高級×スポーツ路線の新機軸スクーターの元祖を脇から読み解こう!
語り:津田洋介/TDF、まとめ:宮崎正行
──結局どこのメーカーがいちばん好きなんですか、津田さんは?
津田 ホンダかな。ホンダだな。
──幹がいちばん太いからですか?
津田 ん? どういうこと?
──「寄らば大樹」ってことです。世界一バイクを売ったメーカーを「大木」と表現したわけです。
津田 わかりづらッ! でも80年代のスクーター需要はホンダにとってめちゃ太い〝枝〟だったかも。
──バイクブームの一翼を担っていたのがスクーターでしたから。
津田 毎年いろんな原付スクーターが発売されたもんね。「誰がアタマを穫るか⁉」という販売ウォーズでの、まるで兵器開発みたいだったし。
──そんなカンジでしたね(笑)
津田 ものすごいスピードの開発競争のなかで〝高級×スポーツ〟という新コンセプトを引っさげて業界を〝リード〟したスクーターが……今回扱うホンダ・リード。
──今日もトークをリードしてくれてありがとうございます! そんなリード、デビューは1982年。82年は、森永から「おっとっと」が発売された年ですね。
津田 お~っと!
──……。読売新聞で「コボちゃん」の連載がスタートしました。
津田 ウチは毎日新聞だから。
──中森明菜が「スローモーション」でデビュー。
津田 「少女A」じゃなくてね。
──国鉄のリニアモーターカーが「世界初の有人浮上走行」に成功。
津田 たしか当時は宮崎に実験線が通っていたな。開通すんのか?
──そしてT少年がバイクの無免許運転で地元警察署管内にて補導。
津田 されてないってば。アニメと漫画とプラモに夢中だったよ。
──なんだか最近打たれ強くなっていますね、津田さん。そろそろ本題に入ります。
津田 ぜひ入って。
──リードが発売された82年は津田さん、中学生ですよね。

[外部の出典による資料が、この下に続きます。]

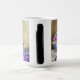 Magic Mug com um gatinho branco fofo! O gatinho de olhos azuis fica em uma tigela azul com flores cor-de-rosa. Um cobertor com flor púrpura é cortado na frente. Um presente maravilhoso para amantes de gatos e entusiastas de arte vitorianos!

どんなふうに見ていましたか、リードを?
津田 とにかく装備が充実していたよ。前輪にボトムリンクサス、後輪はオイルダンパー付き。大柄なボディのおかげでシートも足もとのスペースも大きかった。メインコンセプトは「スポーツ」だったけれど、「高級」であることもしっかり表現した車体デザインだった。いや、むしろ高級寄りだったのかも。
──中学生のコメントとはぜんぜん思えませんね。
津田 2019年目線だよ!
──やっぱり。
津田 AB07と呼ばれた初代タクトを大ヒットさせたホンダは、「よっしゃ、この方向性をもっと邁進しよう!」と踏んで、さらに高級な新型リードを開発したんじゃないかな。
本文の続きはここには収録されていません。